REQUIRED WORK:
Among the records that follow, find the line with "Fast forward to" and the line with "文章第一段写到农业和手工业对". Set down those lines and all lines between them exactly, without adding anything.
[GIVEN INFORMATION Boundary: Start]
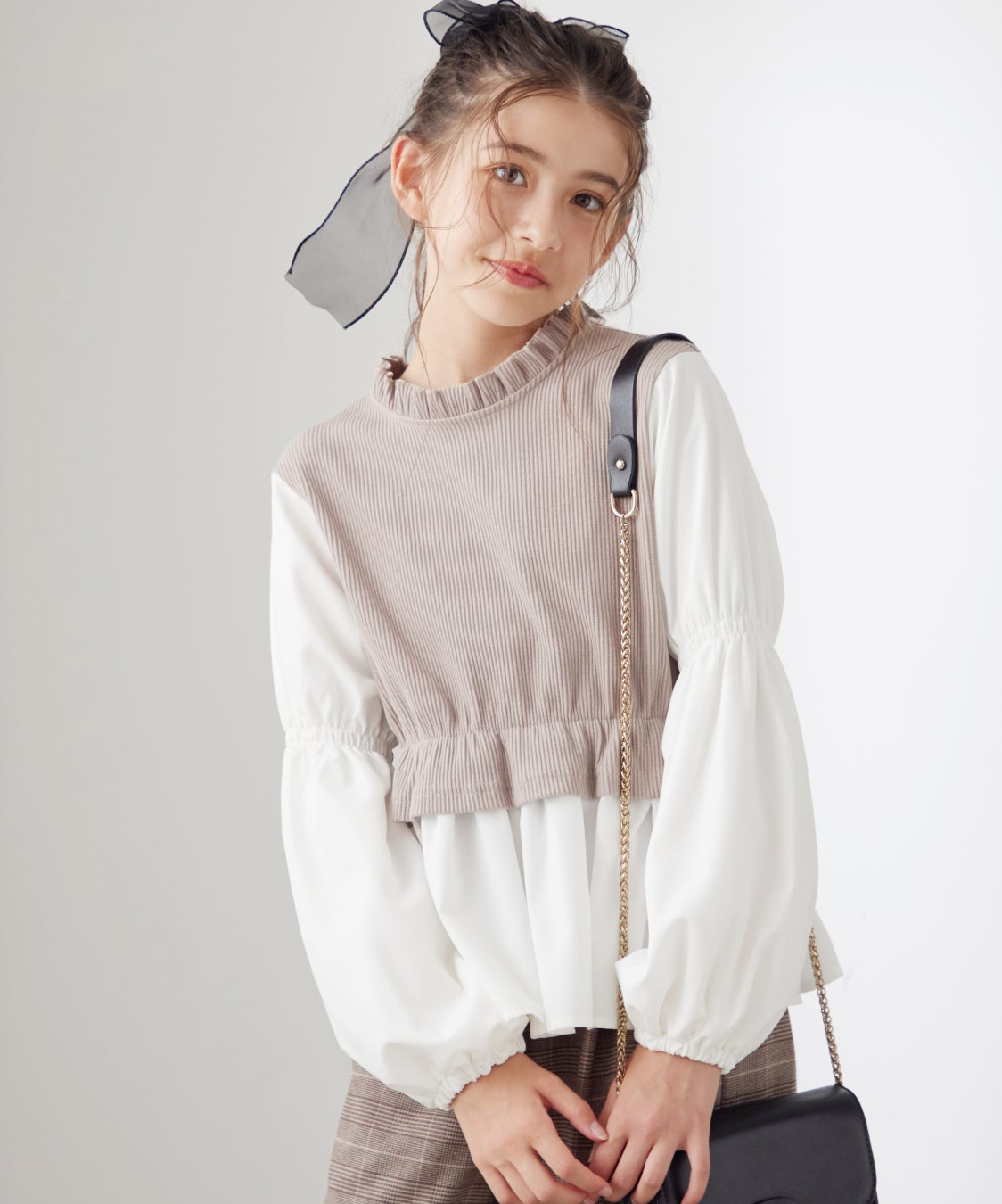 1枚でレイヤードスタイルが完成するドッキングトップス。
[GIVEN INFORMATION Boundary: End]
[GIVEN INFORMATION Boundary: Start]
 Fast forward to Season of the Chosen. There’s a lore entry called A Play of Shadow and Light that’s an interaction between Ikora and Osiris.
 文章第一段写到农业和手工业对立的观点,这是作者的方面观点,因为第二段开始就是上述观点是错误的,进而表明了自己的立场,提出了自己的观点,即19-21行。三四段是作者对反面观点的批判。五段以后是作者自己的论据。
[GIVEN INFORMATION Boundary: End]
WRITTEN ANSWER:
 Fast forward to Season of the Chosen. There’s a lore entry called A Play of Shadow and Light that’s an interaction between Ikora and Osiris.
 文章第一段写到农业和手工业对立的观点,这是作者的方面观点,因为第二段开始就是上述观点是错误的,进而表明了自己的立场,提出了自己的观点,即19-21行。三四段是作者对反面观点的批判。五段以后是作者自己的论据。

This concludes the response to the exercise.